* Task details *
Exact copy, pictures excluded: please retype the lines from the start of the material through the line containing "30 d'abril vinent.", both ends included, and nothing more.

* Dataset *
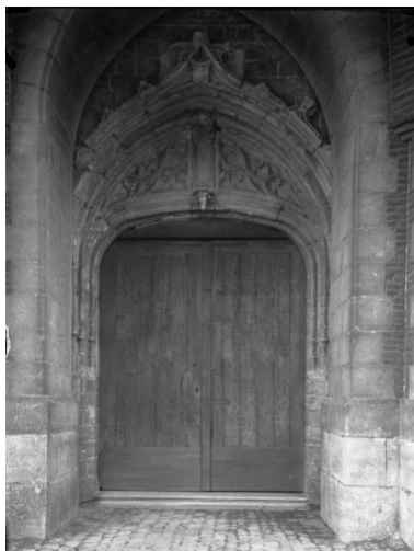
Vue du portail de l'église, entre 1894 et 1914.
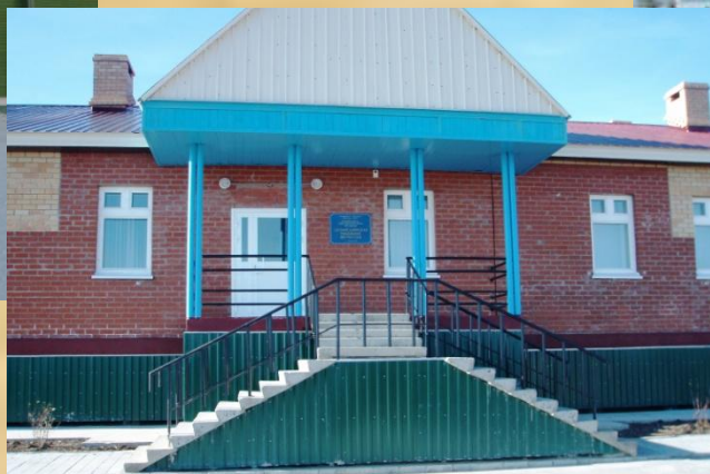
«Сюнай-Салинская начальная школа-сад»
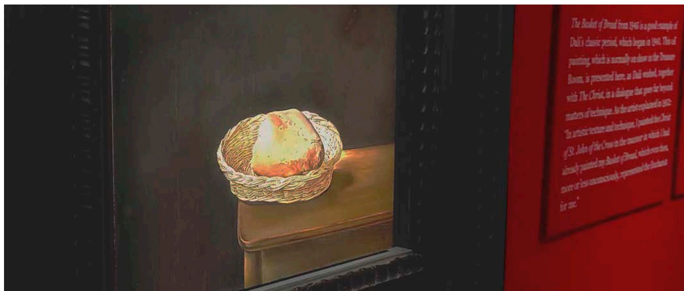
"La cistella de pa" complementa l'exposició que es pot veure al Teatre-Museu Dalí de Figueres fins al 30 d'abril vinent.

Dalí volia anar més enllà del relat dels sinòptics de Marc, Mateu i Lluc, i també del text evangèlic de Joan, i ens regala una nova teofania que crida amb llum i esperança damunt del món i la humanitat. Una teofania que s'entén per la disposició del Crist: aquí el veiem des de la posició que ell va veure en el petit dibuix del reliquiari d'Àvila, des de dalt. La teologia de la salvació que ens ofereix la pintura i el seu autor ens aporta una altra mirada; ara és Déu Pare que
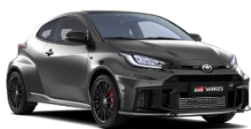
Cenusiu metal* (1L5)
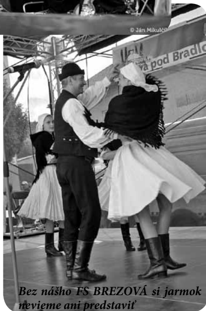
Bez nášho FS BREZOVÁ si jarmok nevieme ani predstaviť
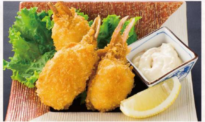
かにクリームコロッケ
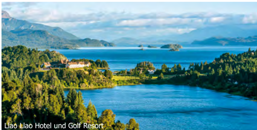
Llao Llao Hotel und Golf Resort
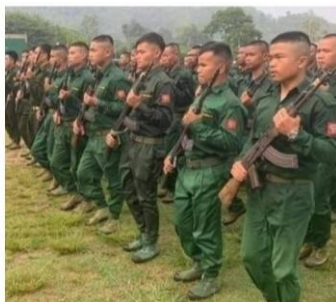
TNLA နှင့် SSPP/SSA

“ဇူလိုင် ၂၇ ရက်နေ့ မနက်ပိုင်းမှာ ဝမ်ဘုံကန်ဘက်ကို TNLA တပ်သားတွေက မူးယစ်အကြောင်းပြပြီး ရွာသား ၄ ဦးကို လာဖမ်းသွားတယ်။ မွန်းလွဲပိုင်းရောက်တော့ ဝမ်ဖိုင်က ရွာသား ၄ ယောက်ကို SSPP/SSA ကဝင်ဖမ်းတယ်။ အဲ့ဝမ်ဖိုင်မှာ ဝင်ဖမ်းတဲ့

* Answer to this exercise *
Vue du portail de l'église, entre 1894 et 1914.
«Сюнай-Салинская начальная школа-сад»
"La cistella de pa" complementa l'exposició que es pot veure al Teatre-Museu Dalí de Figueres fins al 30 d'abril vinent.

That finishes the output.